A Cavewoman Did This and Lived

"Just like any good motivational speaker, adopt a motto. A pretty little diddy to get you through that combines reality with humor and a positive outlook that you will survive."

I’m a big fan of moms having an outlet or built-in coping mechanism, be it your own private pint of ice cream at the end of the day or a good, long soak in the tub after the kids are in bed. But when you’re in the shit during the day sometimes you need a little motto to repeat to yourself to make it through. This guest post from Katie suggests a great one.

Anyone who has ever been pregnant, or met/knows a pregnant woman, (as in, everyone) knows that the difficulties of motherhood begin at t-minus 9 months. Yes, the joys of motherhood also begin there, but that’s not what this post is about. From the moment of conception, that kiddo is going to have you writhing in mental, physical, and occasionally spiritual pain.

And what is going to get you through?

On the spiritual level, a nice prayer may help – it’s hands-free and doesn’t require you to stop what you are doing (or should I say dealing with?). Sometimes you just don’t have all 90 minutes required to abandon your child, drive across town, and attend that daily yoga class that is supposed to ground you and keep you centered when a poo-covered toddler is ripping around your house, thinking that excrement tag is the best game ever invented, and you haven’t slept in a week.

On a physical level, a back massage from your husband is always welcome.
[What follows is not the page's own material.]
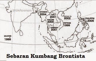 Daripada maklumat yang dipetik daripada Jabatan Pertanian, keujudan kumbang Brontispa ini telah menyerang tanaman kelapa di Maldives dan Vietnam sebagai endemik pada tahun 1999. Ini diikuti dengan berlaku serangan serius pada tahun 2000 di Thailand dan tahun 2001 di Laos PDR dan juga Kemboja (Sila lihat rajah diatas). Seterusnya pada tahun 2002 telah juga dilaporkan kumbang brontispa didapati telah menyerang Hainan Island diikuti dengan tahun 2004 di Myanmar dan pada tahun 2005 dilaporkan menyerang negara Filipina. Di Malaysia pula ia mula direkodkan pada tahun 2005 oleh beberapa pegawai dari Jabatan Pertanian iaitu di Bahagian Biosekuriti Tumbuhan. Penulis percaya ia mungkin telah wujud lebih awal daripada 2005 tanpa disedari oleh petani dan Jabatan Pertanian berdasarkan kajian rapi yang dijalankan. Apa yang dilaporkan sebelum ini, sehingga tahun 2004 hanya terdapat sejenis perosak kumbang iaitu spesis Plesispa reichi sahaja yang ada dikawasan kelapa terutamanya di kawasan pesisir pantai dimana banyak tanaman kelapa. Laporan ini adalah berdasarkan kepada rekod terawal dimana kumbang jenisPleisspa reichei menyerang kelapa di Johor pada tahun 1912 (Corbett, G.H., 1923). Jika ini dijadikan panduan, bermakna kemasukkan perosak ini mungkin dibawa masuk kedalam negara melalui Thailand atau juga Indonesia (jauh sedikit). Kemasukan pengimpotan tanaman pamla hiasan daripada negara jiran Thailand ke Malaysia melalui pintu darat masuk utara Semenanjung Malaysia mungkin telah membawa masuk sama kumbang ini kenegara kita. Ia kemudian terus merebak sehingga terdapat banyak kawasan lain di Malaysia dalam masa beberapa tahun kebelakangan ini.

Sometimes you might even want to upgrade to a masseuse for a deep tissue full body massage, given that everything from your stubbed toes to your thinning hair has been permanently changed by the introduction of a mini-dictator into your formerly free-will-filled world.

On the mental level, who’s got your back? When your phone falls into the toilet “on accident” when a small pair of hands steals it from your purse, it’s not your mom, or your fellow mother-friends, who used to be a phone call away. When you are writhing in agony on a hospital bed for the 86,401st second of labor that no amount of breathing practice could prepare you for, it’s not your husband, who can’t really tell what can soothe you because it changes by the minute (or anyone, really – sorry husbands, we appreciate the effort, we really do). So who’s got your back on the mental level? We all know the answer: you, and only you.

You are the only one who can ensure your mental stability as your life goes through the most monumental upheaval you will ever experience (or so they say). So what can you do to prepare?

Just like any good motivational speaker, adopt a motto. A pretty little diddy to get you through that combines reality with humor and a positive outlook that you will survive. And ladies, let’s be honest with ourselves too – if you are reading this, your motherhood experience is going to be more cushioned and luxurious than 99%+ of all mothers in the past, and many mothers today who live in developing countries. Let’s check out this motto–theory in action. I didn’t elaborate on the following situations, because if you’ve been there and done that, you know.

What got me through labor?

A cavewoman did this and lived.*

*Unmedicated, in the dark, in a cave. Or at least enough of them lived to be able to feed their babies and perpetuate human kind. Not kidding, this is actually something I told myself in labor.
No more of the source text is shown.